Letters on Yoga - II

  Integral Yoga

Sri Aurobindo symbol
Sri Aurobindo

Vol 2 contains letters in which Sri Aurobindo speaks about the practice of his system of Yoga. Four volumes of letters on the integral yoga, other spiritual paths, the problems of spiritual life, and related subjects. In these letters, Sri Aurobindo explains the foundations of his integral yoga, its fundamentals, its characteristic experiences and realisations, and its method of practice. He also discusses other spiritual paths and the difficulties of spiritual life. Related subjects include the place of human relationships in yoga; sadhana through meditation, work and devotion; reason, science, religion, morality, idealism and yoga; spiritual and occult knowledge; occult forces, beings and powers; destiny, karma, rebirth and survival. Sri Aurobindo wrote most of these letters in the 1930s to disciples living in his ashram. A considerable number of them are being published for the first time.

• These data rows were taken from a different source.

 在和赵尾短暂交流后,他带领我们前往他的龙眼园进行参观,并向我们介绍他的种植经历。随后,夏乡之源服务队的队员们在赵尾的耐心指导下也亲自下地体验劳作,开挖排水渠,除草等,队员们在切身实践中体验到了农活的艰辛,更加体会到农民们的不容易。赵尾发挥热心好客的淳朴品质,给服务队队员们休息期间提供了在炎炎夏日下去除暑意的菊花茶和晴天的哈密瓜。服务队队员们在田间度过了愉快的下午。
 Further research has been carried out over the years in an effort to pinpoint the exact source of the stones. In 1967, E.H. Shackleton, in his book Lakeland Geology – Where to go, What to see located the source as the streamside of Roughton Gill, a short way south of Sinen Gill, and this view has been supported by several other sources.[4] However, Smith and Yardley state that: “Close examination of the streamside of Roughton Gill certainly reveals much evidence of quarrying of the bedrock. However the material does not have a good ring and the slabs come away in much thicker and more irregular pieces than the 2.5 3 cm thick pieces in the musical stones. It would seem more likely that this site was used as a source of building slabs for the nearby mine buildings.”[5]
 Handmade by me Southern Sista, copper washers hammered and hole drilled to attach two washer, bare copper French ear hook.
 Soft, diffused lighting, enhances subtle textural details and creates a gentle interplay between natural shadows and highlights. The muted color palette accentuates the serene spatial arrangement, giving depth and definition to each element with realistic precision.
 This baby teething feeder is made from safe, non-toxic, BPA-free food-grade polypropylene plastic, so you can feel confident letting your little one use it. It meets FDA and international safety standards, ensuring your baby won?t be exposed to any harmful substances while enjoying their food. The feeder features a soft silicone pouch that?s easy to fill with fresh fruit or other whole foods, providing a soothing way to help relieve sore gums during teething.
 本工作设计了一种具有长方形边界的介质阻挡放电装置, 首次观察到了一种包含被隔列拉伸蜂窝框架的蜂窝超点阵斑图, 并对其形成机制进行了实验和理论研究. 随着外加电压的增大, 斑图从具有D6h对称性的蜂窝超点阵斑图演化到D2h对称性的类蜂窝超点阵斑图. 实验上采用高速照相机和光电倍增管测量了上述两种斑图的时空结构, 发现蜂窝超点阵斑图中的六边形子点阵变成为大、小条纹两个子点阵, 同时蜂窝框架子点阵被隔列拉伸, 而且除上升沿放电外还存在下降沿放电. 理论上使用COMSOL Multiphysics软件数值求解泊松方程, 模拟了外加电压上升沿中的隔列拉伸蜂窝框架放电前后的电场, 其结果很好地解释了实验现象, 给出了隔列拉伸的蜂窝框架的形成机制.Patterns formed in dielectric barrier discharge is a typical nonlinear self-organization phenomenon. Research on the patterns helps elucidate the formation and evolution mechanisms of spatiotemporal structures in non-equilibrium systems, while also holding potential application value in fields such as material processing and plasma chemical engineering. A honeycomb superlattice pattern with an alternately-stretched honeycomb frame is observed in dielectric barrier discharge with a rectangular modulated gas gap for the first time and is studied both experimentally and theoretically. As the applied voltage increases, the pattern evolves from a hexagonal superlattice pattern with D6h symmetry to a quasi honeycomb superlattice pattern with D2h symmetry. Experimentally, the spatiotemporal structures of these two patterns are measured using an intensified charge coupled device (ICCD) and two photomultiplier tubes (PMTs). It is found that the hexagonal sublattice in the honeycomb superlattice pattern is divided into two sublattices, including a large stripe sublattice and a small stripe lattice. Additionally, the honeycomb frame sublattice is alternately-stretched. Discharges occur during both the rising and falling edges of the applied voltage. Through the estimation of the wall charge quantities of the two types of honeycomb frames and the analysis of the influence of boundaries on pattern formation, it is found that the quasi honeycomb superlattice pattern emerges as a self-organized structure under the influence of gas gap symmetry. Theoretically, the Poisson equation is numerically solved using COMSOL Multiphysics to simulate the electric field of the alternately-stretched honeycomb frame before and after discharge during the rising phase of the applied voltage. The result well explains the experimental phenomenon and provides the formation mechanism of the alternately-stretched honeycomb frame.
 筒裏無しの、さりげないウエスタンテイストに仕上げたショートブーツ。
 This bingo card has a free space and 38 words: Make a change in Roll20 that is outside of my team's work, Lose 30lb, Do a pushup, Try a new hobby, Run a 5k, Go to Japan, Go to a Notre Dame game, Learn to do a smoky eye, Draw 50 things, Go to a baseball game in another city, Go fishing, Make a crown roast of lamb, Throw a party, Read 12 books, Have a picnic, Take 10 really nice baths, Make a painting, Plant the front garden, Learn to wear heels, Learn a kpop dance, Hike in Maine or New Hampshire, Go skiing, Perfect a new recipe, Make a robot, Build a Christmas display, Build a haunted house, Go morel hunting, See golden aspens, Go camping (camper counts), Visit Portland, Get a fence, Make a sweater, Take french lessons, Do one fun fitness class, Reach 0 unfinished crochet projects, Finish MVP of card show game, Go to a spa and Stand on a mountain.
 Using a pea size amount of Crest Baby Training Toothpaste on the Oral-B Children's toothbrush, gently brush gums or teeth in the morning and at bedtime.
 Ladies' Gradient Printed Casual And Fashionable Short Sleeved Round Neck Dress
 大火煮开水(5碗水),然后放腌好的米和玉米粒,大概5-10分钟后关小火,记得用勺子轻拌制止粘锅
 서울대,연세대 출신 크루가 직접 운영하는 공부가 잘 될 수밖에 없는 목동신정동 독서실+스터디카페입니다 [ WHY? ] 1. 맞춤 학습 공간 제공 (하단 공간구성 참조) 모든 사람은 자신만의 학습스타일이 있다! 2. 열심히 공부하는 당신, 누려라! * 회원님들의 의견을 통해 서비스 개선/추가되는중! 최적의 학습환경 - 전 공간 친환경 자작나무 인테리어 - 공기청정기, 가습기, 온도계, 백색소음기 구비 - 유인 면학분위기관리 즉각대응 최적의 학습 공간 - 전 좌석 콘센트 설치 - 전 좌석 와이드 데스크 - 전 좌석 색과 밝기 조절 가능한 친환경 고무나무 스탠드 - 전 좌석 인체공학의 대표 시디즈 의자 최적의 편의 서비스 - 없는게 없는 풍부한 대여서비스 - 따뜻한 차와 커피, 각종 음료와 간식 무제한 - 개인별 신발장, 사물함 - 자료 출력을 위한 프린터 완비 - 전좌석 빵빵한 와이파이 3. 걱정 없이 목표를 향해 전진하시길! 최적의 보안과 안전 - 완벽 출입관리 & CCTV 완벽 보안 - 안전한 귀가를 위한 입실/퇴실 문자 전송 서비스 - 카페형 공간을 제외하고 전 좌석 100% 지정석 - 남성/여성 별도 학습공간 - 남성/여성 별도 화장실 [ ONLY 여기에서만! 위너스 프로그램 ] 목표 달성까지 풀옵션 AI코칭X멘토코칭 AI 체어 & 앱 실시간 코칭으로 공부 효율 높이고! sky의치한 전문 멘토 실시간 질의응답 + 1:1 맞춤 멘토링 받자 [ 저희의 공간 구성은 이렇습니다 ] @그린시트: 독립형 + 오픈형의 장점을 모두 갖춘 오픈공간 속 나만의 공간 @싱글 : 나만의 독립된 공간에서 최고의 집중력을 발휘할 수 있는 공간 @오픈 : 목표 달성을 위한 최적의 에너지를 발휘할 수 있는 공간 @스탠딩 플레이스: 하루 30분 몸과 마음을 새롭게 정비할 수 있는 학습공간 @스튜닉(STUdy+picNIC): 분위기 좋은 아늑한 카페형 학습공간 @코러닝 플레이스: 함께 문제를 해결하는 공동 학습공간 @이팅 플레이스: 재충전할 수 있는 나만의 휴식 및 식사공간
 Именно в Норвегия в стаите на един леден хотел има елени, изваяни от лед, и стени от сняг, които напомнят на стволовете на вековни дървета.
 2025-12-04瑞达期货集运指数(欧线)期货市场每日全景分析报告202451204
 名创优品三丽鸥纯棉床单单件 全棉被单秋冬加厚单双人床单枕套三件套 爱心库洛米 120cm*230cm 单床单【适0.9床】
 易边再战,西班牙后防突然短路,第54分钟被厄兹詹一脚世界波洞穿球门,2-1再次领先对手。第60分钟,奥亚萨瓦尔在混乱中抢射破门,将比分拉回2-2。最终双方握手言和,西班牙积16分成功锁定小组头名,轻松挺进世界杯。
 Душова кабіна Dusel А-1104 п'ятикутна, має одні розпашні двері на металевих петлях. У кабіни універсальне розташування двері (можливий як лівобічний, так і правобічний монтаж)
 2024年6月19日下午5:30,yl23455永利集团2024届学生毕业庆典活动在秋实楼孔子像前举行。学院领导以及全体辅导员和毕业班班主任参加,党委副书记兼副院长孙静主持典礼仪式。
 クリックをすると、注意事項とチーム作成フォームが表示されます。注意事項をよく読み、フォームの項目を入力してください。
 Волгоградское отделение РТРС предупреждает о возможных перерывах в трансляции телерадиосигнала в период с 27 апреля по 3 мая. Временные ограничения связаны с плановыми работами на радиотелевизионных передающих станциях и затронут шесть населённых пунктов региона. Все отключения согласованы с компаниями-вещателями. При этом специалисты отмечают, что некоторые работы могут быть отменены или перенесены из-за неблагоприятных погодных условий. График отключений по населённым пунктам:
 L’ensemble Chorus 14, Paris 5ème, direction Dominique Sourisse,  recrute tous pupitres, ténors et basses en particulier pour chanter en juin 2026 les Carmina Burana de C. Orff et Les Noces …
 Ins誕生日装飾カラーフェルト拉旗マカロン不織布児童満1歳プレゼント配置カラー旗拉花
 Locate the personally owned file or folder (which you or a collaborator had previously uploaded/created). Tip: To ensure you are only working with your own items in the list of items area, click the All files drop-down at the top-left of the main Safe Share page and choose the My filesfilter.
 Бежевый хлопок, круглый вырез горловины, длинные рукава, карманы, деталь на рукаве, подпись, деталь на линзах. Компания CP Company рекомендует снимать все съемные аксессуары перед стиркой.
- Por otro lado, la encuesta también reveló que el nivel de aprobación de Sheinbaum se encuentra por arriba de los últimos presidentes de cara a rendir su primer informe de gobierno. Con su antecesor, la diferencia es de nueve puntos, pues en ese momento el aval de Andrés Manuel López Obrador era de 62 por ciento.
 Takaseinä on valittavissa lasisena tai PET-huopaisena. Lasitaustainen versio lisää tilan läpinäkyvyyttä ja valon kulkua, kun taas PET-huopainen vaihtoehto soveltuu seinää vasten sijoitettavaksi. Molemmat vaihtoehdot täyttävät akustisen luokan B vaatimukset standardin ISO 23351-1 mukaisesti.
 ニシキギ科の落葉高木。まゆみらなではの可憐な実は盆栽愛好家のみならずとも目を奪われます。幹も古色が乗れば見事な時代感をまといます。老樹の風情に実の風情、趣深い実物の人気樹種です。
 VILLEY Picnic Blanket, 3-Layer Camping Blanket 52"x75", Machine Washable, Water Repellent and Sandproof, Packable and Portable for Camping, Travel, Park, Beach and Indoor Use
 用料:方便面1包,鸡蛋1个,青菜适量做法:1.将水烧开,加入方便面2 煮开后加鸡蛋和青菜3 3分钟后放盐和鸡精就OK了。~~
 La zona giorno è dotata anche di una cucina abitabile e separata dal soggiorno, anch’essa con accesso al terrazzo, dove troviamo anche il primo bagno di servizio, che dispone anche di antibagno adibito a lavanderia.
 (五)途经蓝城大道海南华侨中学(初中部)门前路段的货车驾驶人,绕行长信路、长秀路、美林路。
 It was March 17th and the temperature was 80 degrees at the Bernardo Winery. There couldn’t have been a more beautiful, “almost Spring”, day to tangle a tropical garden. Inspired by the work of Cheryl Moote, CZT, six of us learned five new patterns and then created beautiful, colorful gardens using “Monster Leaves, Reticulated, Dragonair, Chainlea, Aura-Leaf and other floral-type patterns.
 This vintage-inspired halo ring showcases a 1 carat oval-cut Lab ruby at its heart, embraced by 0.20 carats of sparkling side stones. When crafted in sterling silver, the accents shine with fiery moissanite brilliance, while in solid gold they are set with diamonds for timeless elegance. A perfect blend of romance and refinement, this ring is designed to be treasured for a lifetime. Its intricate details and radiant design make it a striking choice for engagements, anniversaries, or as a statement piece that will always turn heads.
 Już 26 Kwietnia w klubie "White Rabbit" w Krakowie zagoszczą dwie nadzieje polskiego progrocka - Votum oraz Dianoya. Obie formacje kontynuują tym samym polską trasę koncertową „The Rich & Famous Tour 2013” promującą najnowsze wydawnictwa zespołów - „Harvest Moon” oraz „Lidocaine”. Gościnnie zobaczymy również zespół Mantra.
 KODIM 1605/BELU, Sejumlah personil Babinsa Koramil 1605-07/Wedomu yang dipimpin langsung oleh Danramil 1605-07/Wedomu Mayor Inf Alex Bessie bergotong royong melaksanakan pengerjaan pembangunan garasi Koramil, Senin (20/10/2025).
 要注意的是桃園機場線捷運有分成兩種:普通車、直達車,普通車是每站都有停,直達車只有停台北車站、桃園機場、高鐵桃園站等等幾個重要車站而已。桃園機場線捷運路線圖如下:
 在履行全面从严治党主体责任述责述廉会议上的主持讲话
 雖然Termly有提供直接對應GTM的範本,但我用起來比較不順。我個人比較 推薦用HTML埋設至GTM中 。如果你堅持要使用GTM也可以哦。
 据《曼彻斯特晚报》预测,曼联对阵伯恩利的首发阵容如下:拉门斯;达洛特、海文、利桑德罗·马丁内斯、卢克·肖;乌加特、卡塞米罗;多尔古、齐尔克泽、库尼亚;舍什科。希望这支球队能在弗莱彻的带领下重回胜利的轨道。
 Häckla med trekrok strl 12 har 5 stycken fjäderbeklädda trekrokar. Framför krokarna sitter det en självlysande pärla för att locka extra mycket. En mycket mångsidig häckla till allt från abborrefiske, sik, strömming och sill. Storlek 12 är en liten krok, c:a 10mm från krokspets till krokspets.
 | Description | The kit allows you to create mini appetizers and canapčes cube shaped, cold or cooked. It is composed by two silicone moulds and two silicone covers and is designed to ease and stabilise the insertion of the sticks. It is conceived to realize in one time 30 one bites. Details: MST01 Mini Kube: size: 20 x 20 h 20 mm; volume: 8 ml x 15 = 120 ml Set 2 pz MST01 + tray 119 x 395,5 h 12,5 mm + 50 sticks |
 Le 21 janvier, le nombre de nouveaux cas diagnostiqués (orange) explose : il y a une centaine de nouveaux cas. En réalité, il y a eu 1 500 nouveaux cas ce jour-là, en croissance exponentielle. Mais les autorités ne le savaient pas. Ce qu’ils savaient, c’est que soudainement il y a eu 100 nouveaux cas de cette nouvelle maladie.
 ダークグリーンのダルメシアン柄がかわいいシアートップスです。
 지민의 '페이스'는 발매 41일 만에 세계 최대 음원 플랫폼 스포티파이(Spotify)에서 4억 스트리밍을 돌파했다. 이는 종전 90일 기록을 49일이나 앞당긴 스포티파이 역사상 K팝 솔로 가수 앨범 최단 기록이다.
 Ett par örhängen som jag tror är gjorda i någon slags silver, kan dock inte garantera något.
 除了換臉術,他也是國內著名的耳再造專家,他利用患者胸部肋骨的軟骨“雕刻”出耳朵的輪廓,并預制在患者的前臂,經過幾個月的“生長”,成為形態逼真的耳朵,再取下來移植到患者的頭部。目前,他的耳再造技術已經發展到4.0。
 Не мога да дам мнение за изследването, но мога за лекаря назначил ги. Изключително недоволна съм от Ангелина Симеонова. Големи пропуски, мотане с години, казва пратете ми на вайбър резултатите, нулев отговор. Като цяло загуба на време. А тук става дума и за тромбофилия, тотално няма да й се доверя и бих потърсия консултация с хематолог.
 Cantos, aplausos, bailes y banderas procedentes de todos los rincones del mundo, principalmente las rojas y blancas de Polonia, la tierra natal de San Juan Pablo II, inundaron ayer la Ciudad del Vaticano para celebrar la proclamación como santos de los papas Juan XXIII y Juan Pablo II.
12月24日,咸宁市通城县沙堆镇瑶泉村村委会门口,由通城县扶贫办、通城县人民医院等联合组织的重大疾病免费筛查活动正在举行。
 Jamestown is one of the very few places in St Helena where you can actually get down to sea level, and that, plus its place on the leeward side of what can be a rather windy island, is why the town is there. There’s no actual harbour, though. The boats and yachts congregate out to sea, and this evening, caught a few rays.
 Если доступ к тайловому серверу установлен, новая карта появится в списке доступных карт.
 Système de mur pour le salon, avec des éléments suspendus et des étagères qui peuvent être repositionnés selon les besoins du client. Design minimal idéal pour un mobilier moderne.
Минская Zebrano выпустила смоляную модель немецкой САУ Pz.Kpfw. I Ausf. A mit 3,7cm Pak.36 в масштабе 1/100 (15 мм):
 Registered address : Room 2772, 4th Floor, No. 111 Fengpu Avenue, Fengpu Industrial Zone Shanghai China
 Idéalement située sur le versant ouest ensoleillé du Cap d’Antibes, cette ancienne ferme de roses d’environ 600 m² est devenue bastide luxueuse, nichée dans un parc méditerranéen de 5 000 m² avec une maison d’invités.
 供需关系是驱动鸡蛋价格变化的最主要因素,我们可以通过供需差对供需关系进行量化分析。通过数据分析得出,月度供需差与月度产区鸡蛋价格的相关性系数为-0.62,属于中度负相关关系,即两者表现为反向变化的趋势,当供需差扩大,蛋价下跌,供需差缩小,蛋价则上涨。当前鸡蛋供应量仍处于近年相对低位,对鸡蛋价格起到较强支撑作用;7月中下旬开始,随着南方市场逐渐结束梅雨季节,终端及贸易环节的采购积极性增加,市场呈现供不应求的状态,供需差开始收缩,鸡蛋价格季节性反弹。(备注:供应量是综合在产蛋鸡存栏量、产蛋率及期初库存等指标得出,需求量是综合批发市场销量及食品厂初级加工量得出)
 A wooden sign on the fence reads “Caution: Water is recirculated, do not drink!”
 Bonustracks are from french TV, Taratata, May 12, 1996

The Complete Works of Sri Aurobindo (CWSA) Letters on Yoga - II Vol. 29 522 pages 2013 Edition
English
 PDF     Integral Yoga

Part I

The Path of the Integral Yoga




The Foundation of the Sadhana




Chapter I

Peace - The Basis of the Sadhana

Peace Is the First Condition

Peace and purity of the consciousness are the very foundation of the necessary change in the nature.


Peace is necessary for all; without peace and an increasing purity, even if one opens, one cannot receive perfectly all that comes down through the opening. Light too is necessary for all—without light one cannot take full advantage of all that comes down.


Peace is necessary for the higher states to develop.


Equanimity and peace in all conditions in all parts of the being is the first foundation of the Yogic status. Either Light (bringing with it knowledge) or Force (bringing strength and dynamism of many kinds) or Ananda (bringing love and joy of existence) can come next according to the trend of the nature. But peace is the first condition without which nothing else can be stable.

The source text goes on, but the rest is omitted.